Student Motivation and Self-Efficacy
Di Negara barat, khususnya US, pelaksanaan pendidikan didasarkan pada asumsi bahwa murid bisa di-motivasi untuk belajar. Pendidik menekankan pentingnya motivasi intrinsik yaitu kemauan siswa untuk belajar demi kepentingan sendiri.

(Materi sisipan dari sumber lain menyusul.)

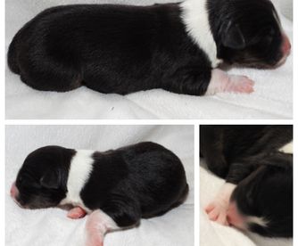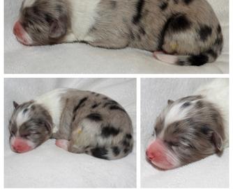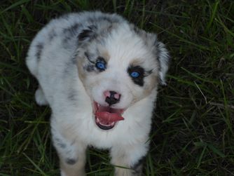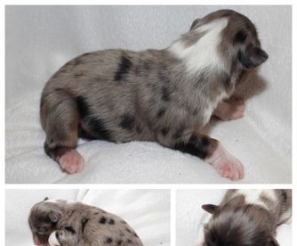Our puppies include red merle, blue merle, black tri-color, and red tri-color. Colors will vary depending on the parent dogs.

Di budaya barat, siswa yang tinggi dalam self-efficacy yang meyakini kalau mereka mampu mengatasi tugas dan mengatur pembelajaran mereka sendiri, lebih baik di sekolah. Dalam budaya lain, pendidikan tidak didasarkan pada motivasi pribadi tetapi faktor seperti kewajiban (di India), tunduk pada kekuasaan (di negara-negara Islam), dan bentuk partisipasi dalam keluarga dan komunitas (di sub-sahara Afrika). Di negara Asia bagian timur, siswa diharapkan untuk belajar, bukan karena pentingnya belajar, tetapi untuk memenuhi harapan  keluarga dan masyarakat. Pendidikan memerlukan usaha yang serius, dan siswa yang gagal atau tertinggal di belakang wajib mengulang kembali.
Di negara-negara berkembang, kurangnya motivasi dalam hal sosial dan ekonomi menghalangi pendidikan: ketidakmampuan atau tidak tersedianya sekolah dan sumber pendidikan, keharusan anak bekerja dan membantu keluarga, menghalangi pendidikan bagi anak perempuan atau kelompok budaya, dan pernikahan dini.
Siswa yang memiliki self-efficacy yang tinggi, yang percaya bahwa mereka dapat menguasai tugas-tugas dan meregulasi cara belajar mereka sendiri, lebih mungkin mencapai prestasi yang baik di sekolah. Motivasi siswa dipengaruhi oleh tuntutan orangtua mereka kepada mereka, tetapi kepercayaan diri dari siswa tersebut tentang kemampuan mereka lebih berpengaruh lagi.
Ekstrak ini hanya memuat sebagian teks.